Induction proof that the $n$-sphere $S^{n}$ is connected

Question

I want to prove, by induction, that $S^n$ is connected.

1)First step of the induction:

$S^1$ is the image of $[0,1]$ by a continuous function, so it is connected.

2)Let's make the hypothesis that $S^{n-1}$ is connected.

For every point $x,y \in S^n \subset \mathbb{R^{n+1}}$, there is an hyperplane $H$ passing by $x,y,O$, where $O$ is the origin of $\mathbb{R^{n+1}}$. Then $x,y \in S^{n-1}\subset H $, for all $x,y \in S^{n}$, where $S^{n-1}$ is connected by the induction hypothesis. Since every pair of points of the set belong to a connected subspace, $S^{n}$ is connected.

Is this approach correct? I am not sure about the idea of the hyperplane in higher dimension, since it is not unique.

Thanks in advance, every help is appreciated.

Answer 1

Your idea works. For $n \ge 3$ hyperplanes in $\mathbb R^{n+1}$ are not uniquely determined by the three points $x,y, O$ but that does not matter.
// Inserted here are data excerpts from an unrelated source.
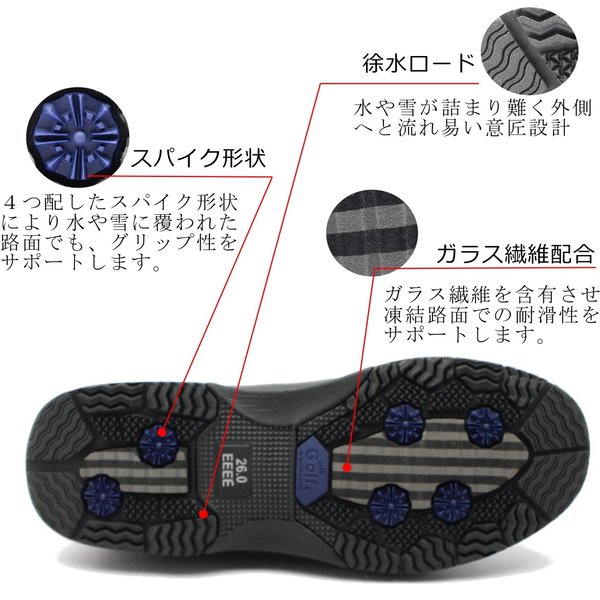 本底にはガラス繊維を採用し雪・凍結路面でも安定した歩行をサポートしてくれる防滑底を使用しています。
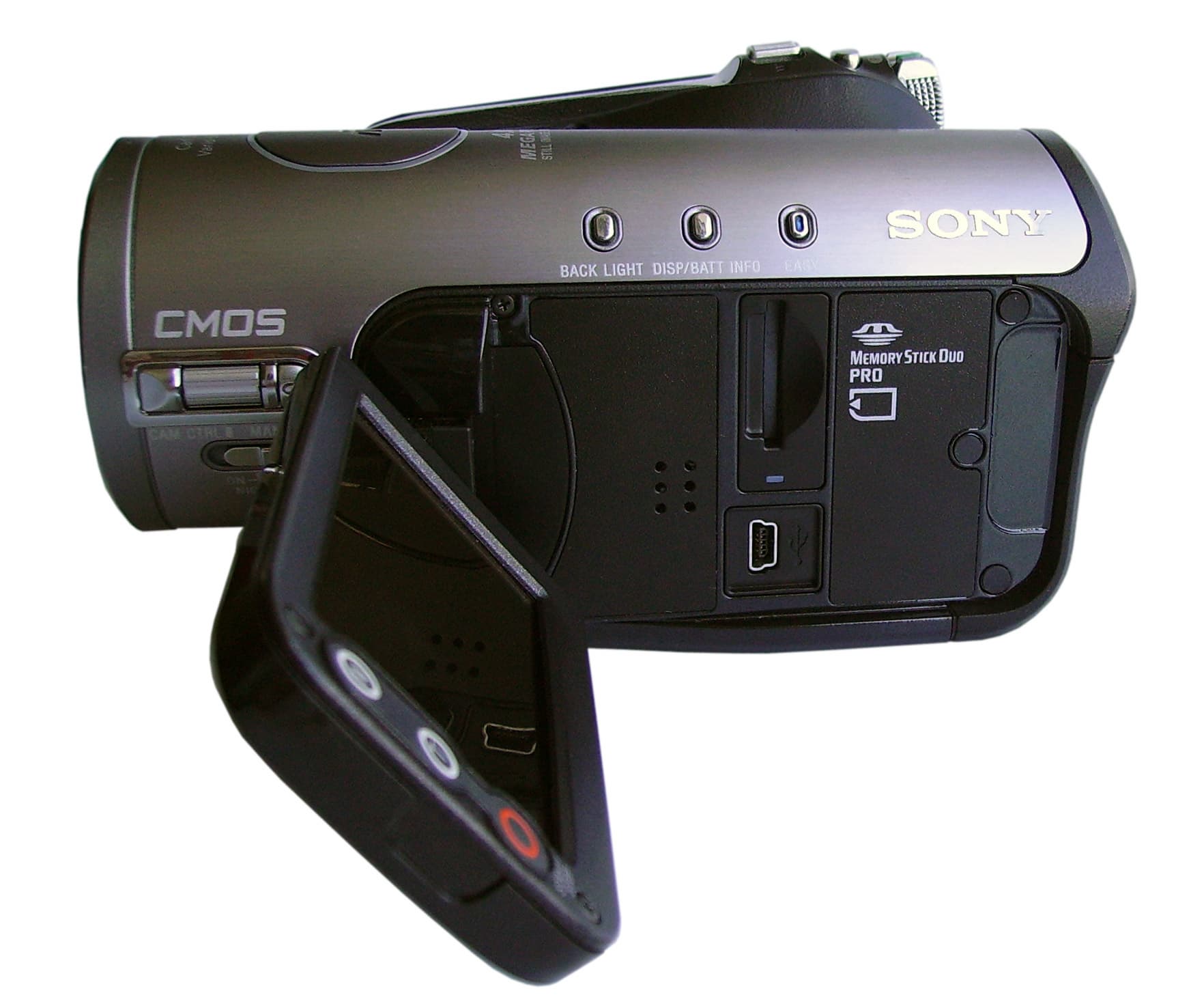 Под откидывающимся экраном разместился слот для двух типов карт памяти: Memory Stick Pro и Memory Stick Duo со светодиодным индикатором доступа. Ниже, соответственно, разъем mini-USB. Здесь же, на боковой панели, находится и встроенный динамик. Никаких лишних кнопок все управление камерой отдано пульту дистанционного управления и чувствительному к нажатиям ЖК-экрану.
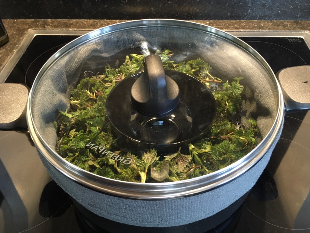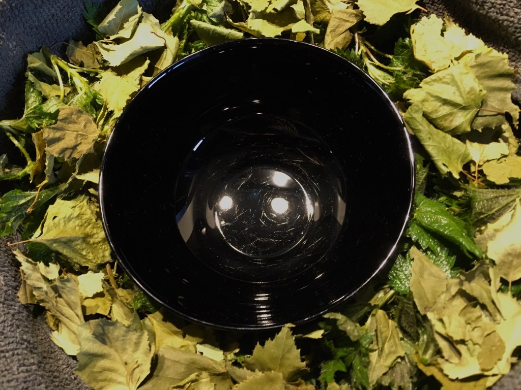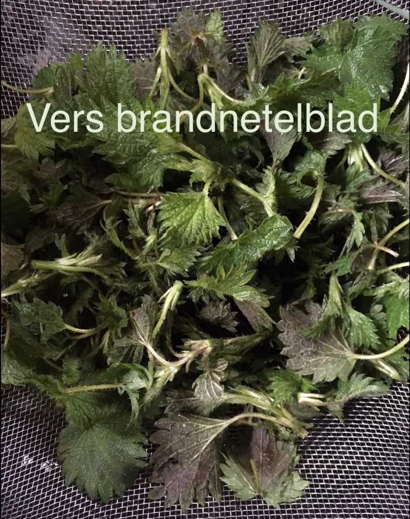 Ik heb -vorig jaar gedroogd- berkenblad en vers geoogst brandnetelblad gebruikt. Het verse brandnetelblad bevat dan wel wat water.
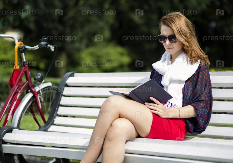 Женщина сидит на скамейке и читает книгу

Simply let $H$ be any $n$-dimensional linear subspace containing $x, y$. You have a little gap here: You must show that $H \cap S^n$ is homeomorphic to $S^{n-1}$, but this is not hard.

Answer 2

If I really had to use induction, I would prove the connectedness of the sphere $S^n$ observing that $$ S^{n+1}\simeq \frac{S^n\times[-1,1]}\sim $$ where $(x,-1)\sim(y,-1)$ and $(x,1)\sim(y,1)$ for all $x$, $y\in S^n$ are the only non-trivial equivalences.

This allows to set up a quite simple induction since products of connected spaces and quotients of connected spaces are connected.